Look below for the line containing "A parian figure", then write out that line and every line after it to the end, exactly, minus the pictures.
== EXERCISE DATA
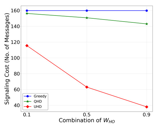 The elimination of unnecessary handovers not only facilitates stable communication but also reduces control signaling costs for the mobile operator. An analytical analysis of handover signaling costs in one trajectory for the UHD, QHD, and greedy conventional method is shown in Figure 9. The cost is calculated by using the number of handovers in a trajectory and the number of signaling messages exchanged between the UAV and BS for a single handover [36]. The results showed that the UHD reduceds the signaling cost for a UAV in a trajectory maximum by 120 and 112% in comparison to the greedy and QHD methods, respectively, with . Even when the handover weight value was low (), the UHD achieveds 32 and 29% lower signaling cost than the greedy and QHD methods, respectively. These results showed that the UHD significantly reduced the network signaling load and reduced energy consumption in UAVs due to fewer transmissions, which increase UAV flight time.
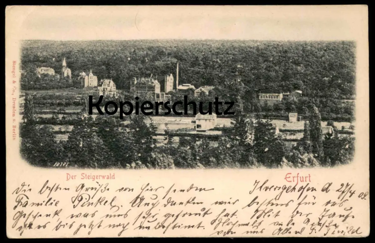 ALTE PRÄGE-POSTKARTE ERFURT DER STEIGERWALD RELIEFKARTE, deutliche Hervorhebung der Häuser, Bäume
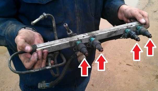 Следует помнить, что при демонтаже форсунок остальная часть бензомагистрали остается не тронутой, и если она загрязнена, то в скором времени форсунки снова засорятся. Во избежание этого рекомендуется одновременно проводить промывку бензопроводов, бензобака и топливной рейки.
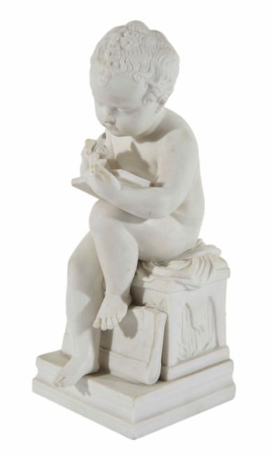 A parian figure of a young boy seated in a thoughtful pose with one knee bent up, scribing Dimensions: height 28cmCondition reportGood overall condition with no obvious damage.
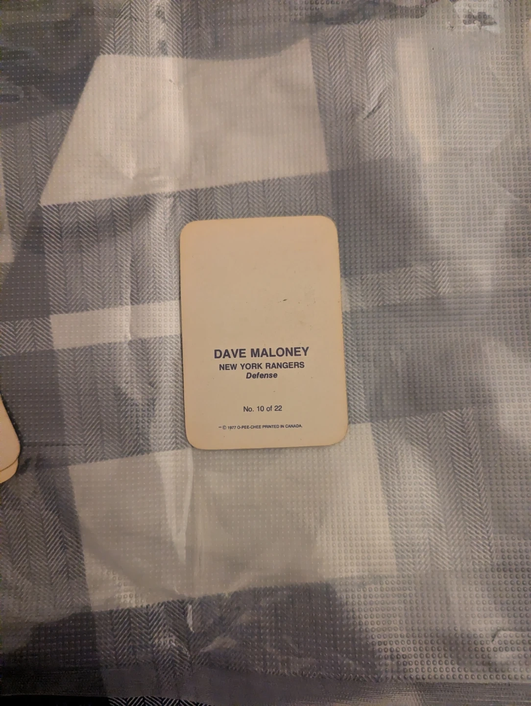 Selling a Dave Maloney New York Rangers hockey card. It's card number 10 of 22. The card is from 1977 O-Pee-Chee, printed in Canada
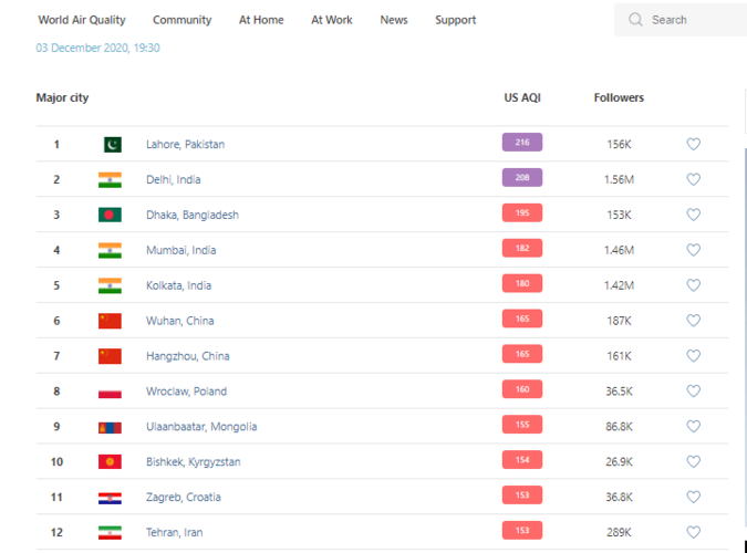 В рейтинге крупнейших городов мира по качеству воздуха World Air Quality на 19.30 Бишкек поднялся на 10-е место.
====
SOLUTION TO THIS EXERCISE
 A parian figure of a young boy seated in a thoughtful pose with one knee bent up, scribing Dimensions: height 28cmCondition reportGood overall condition with no obvious damage.
 Selling a Dave Maloney New York Rangers hockey card. It's card number 10 of 22. The card is from 1977 O-Pee-Chee, printed in Canada
 В рейтинге крупнейших городов мира по качеству воздуха World Air Quality на 19.30 Бишкек поднялся на 10-е место.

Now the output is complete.